Which lines in the data contain the word "that"? Please copy each of them.
Content starts
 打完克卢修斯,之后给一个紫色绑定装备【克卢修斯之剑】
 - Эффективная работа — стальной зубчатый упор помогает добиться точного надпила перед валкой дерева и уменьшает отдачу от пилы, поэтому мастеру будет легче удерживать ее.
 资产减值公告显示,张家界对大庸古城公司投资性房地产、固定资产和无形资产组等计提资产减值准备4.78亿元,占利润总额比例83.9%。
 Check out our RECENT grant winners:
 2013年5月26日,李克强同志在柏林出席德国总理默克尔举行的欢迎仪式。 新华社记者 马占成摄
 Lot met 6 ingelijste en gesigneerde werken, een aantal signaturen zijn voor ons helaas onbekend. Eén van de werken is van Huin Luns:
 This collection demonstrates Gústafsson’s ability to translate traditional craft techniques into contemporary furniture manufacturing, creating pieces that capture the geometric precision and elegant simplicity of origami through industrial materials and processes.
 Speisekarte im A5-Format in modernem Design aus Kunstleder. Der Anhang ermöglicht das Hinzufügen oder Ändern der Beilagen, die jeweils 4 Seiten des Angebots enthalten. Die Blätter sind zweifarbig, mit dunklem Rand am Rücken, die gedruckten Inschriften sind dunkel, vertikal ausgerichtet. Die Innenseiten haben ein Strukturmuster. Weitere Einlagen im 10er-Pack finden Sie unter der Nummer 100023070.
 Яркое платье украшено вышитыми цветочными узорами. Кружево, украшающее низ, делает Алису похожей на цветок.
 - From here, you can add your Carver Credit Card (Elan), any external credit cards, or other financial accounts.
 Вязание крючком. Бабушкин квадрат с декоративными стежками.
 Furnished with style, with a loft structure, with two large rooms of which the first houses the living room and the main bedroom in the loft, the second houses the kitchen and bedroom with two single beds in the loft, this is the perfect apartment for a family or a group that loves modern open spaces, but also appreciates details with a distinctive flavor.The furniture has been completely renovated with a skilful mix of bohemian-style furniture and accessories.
Content ends
• Answer to the exercise:
 This collection demonstrates Gústafsson’s ability to translate traditional craft techniques into contemporary furniture manufacturing, creating pieces that capture the geometric precision and elegant simplicity of origami through industrial materials and processes.
 Furnished with style, with a loft structure, with two large rooms of which the first houses the living room and the main bedroom in the loft, the second houses the kitchen and bedroom with two single beds in the loft, this is the perfect apartment for a family or a group that loves modern open spaces, but also appreciates details with a distinctive flavor.The furniture has been completely renovated with a skilful mix of bohemian-style furniture and accessories.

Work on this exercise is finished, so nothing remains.